## PROMPT
All of the data is to be written out again exactly, without the pictures.

## DATA PROVIDED
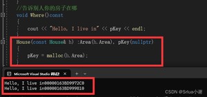 我们要效果是,你的朋友要的是和你有一样的房子,而不是同一个,所以我们自定义一个拷贝构造函数,这时的运行结果显示,两套房子的地址不一样了~这就是深拷贝!
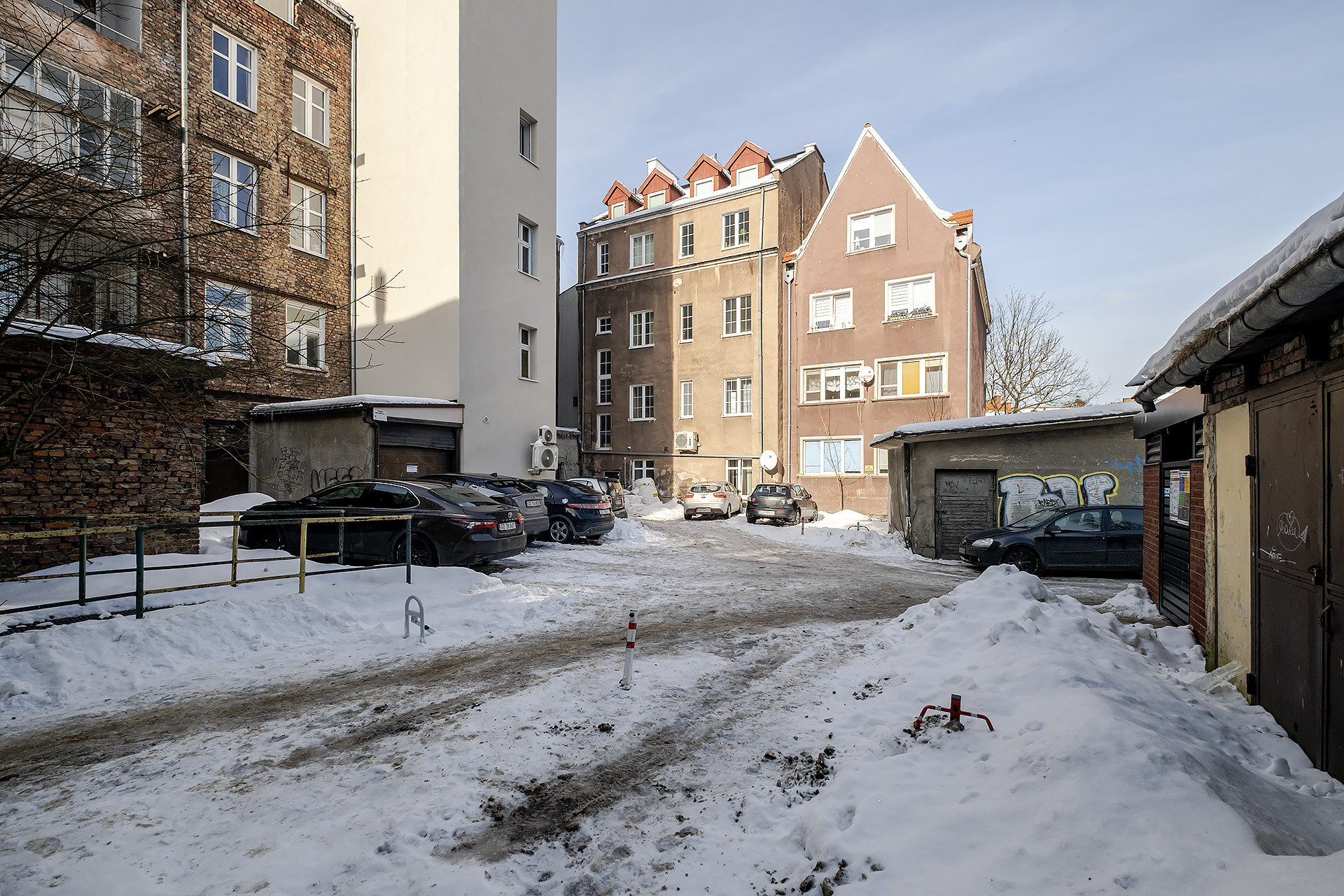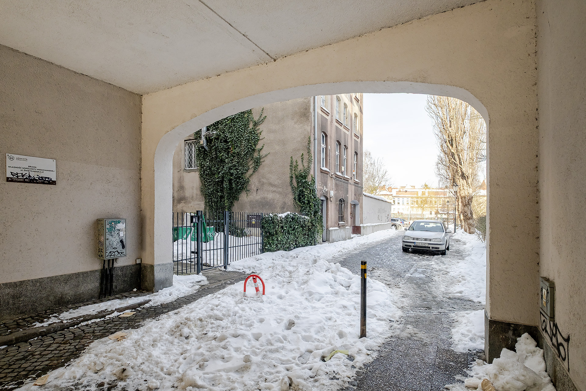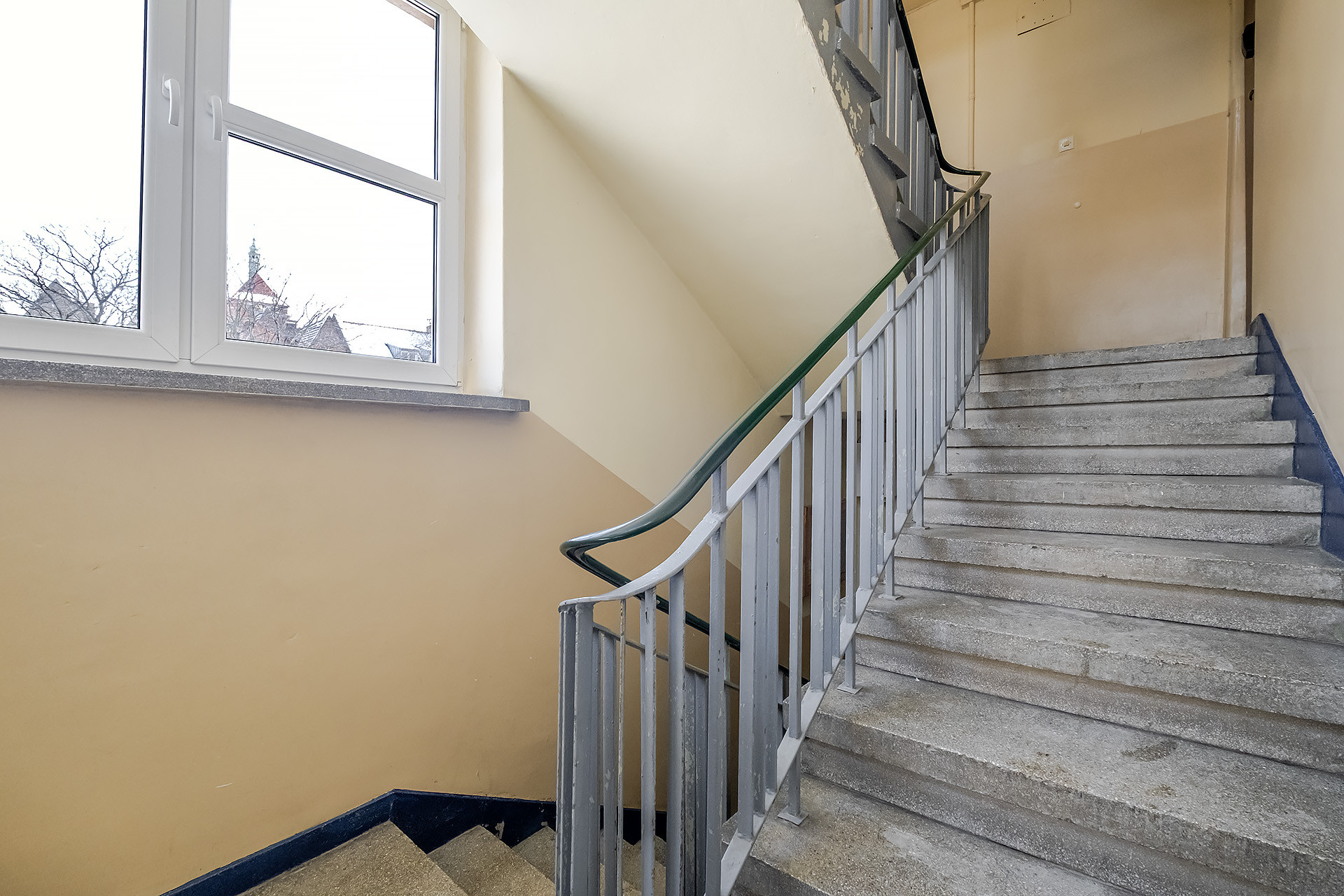 BUDYNEK: mieszkanie mieści się na 1. piętrze w 2-piętrowej kamienicy z lat 60. XX  w., którą wykonano z cegły, a dach pokryto dachówką ceramiczną (generalny remont dachu miał miejsce w 2024 r.). Ogólny stan całej nieruchomości należy uznać za dobry. Wejście właściwe do klatki schodowej zabezpieczone jest domofonem. Klatka zadbana, czysta. Teren posesji jest częściowo ogrodzony.
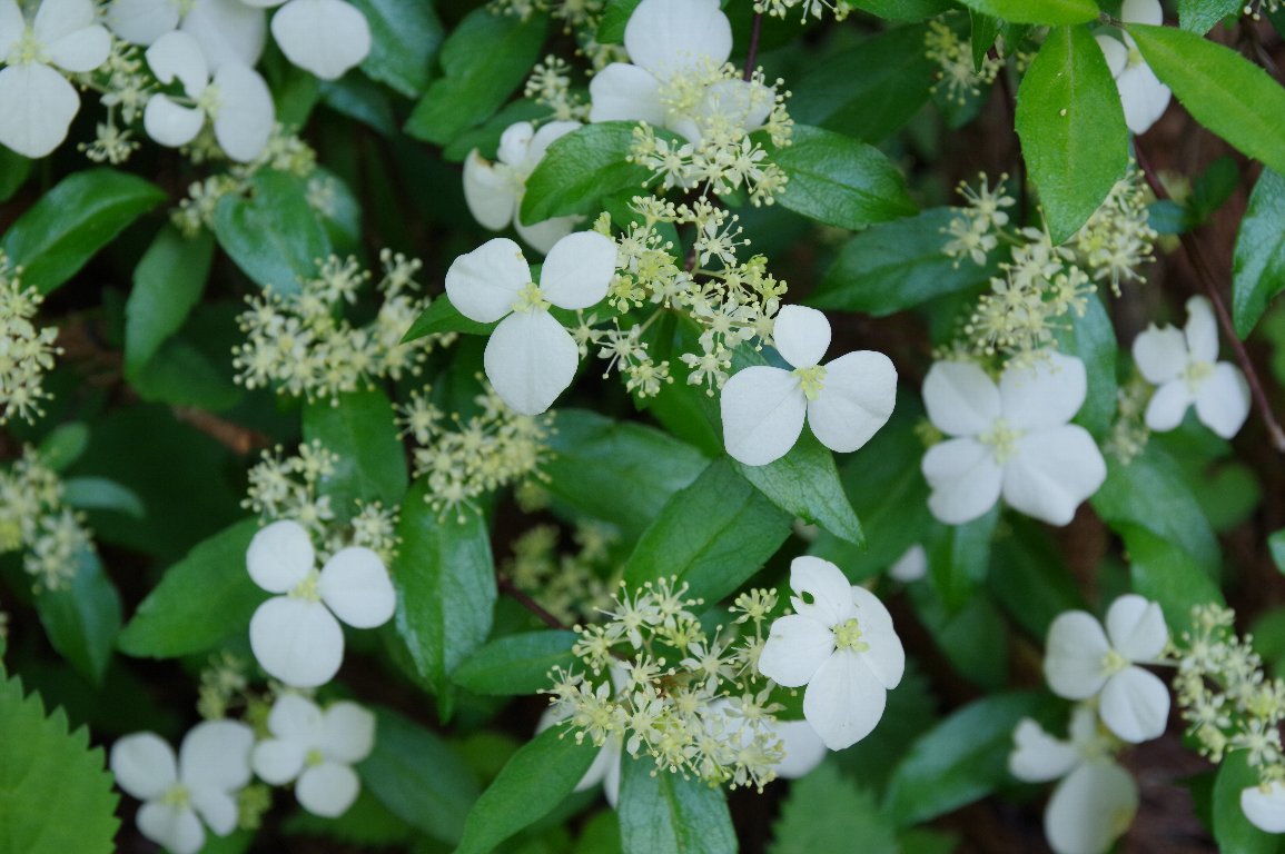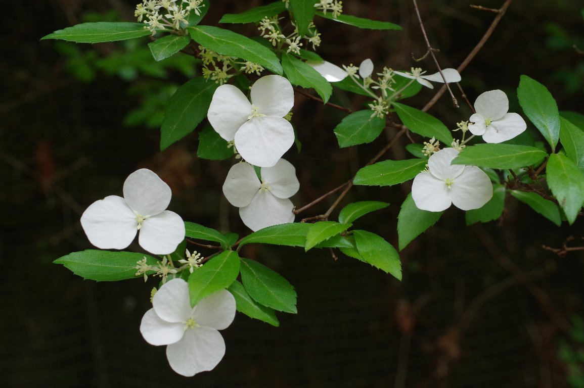 撮影雑記: ツルアジサイを撮っていた場所には、コガクウツギも咲いていました。 林の下の小低木で、ちょっと地味な存在です。 ![]() アジサイの仲間なので、細かいのが花、それに3枚または4枚の白い装飾花が付いています。 ![]() 小低木というやつで、林の下草のように、広がっています。 ![]() ここから2枚は、別の年、兵庫県三田市で撮ったものです。 装飾花がちょっと大きめです。 ![]() 少しアップの写真。美しい花と思います。 |
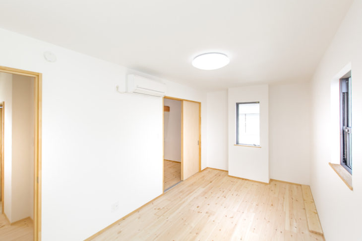 壁一面の収納。地窓を設置することで通風もばっちりです
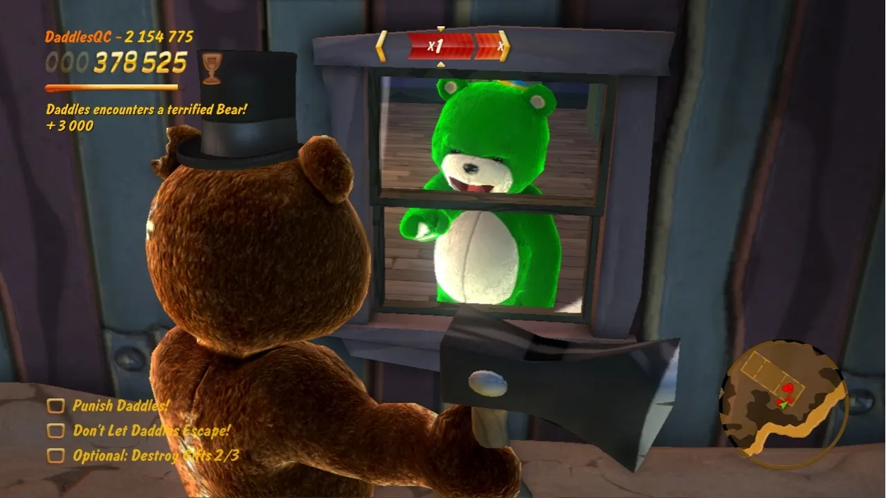 Naughty Bear takes place on an island inhabited by anthropomorphic teddy bears. Your job is to torment its inhabitants. Nearly every evil action you perform, from flushing presents down the toilet to smashing windows and threatening other bears with deadly weapons earns you naughty points, which you’ll need to progress.

## THE COMPLETED TASK
 我们要效果是,你的朋友要的是和你有一样的房子,而不是同一个,所以我们自定义一个拷贝构造函数,这时的运行结果显示,两套房子的地址不一样了~这就是深拷贝!
 BUDYNEK: mieszkanie mieści się na 1. piętrze w 2-piętrowej kamienicy z lat 60. XX  w., którą wykonano z cegły, a dach pokryto dachówką ceramiczną (generalny remont dachu miał miejsce w 2024 r.). Ogólny stan całej nieruchomości należy uznać za dobry. Wejście właściwe do klatki schodowej zabezpieczone jest domofonem. Klatka zadbana, czysta. Teren posesji jest częściowo ogrodzony.
 撮影雑記: ツルアジサイを撮っていた場所には、コガクウツギも咲いていました。 林の下の小低木で、ちょっと地味な存在です。 ![]() アジサイの仲間なので、細かいのが花、それに3枚または4枚の白い装飾花が付いています。 ![]() 小低木というやつで、林の下草のように、広がっています。 ![]() ここから2枚は、別の年、兵庫県三田市で撮ったものです。 装飾花がちょっと大きめです。 ![]() 少しアップの写真。美しい花と思います。 |
 壁一面の収納。地窓を設置することで通風もばっちりです
 Naughty Bear takes place on an island inhabited by anthropomorphic teddy bears. Your job is to torment its inhabitants. Nearly every evil action you perform, from flushing presents down the toilet to smashing windows and threatening other bears with deadly weapons earns you naughty points, which you’ll need to progress.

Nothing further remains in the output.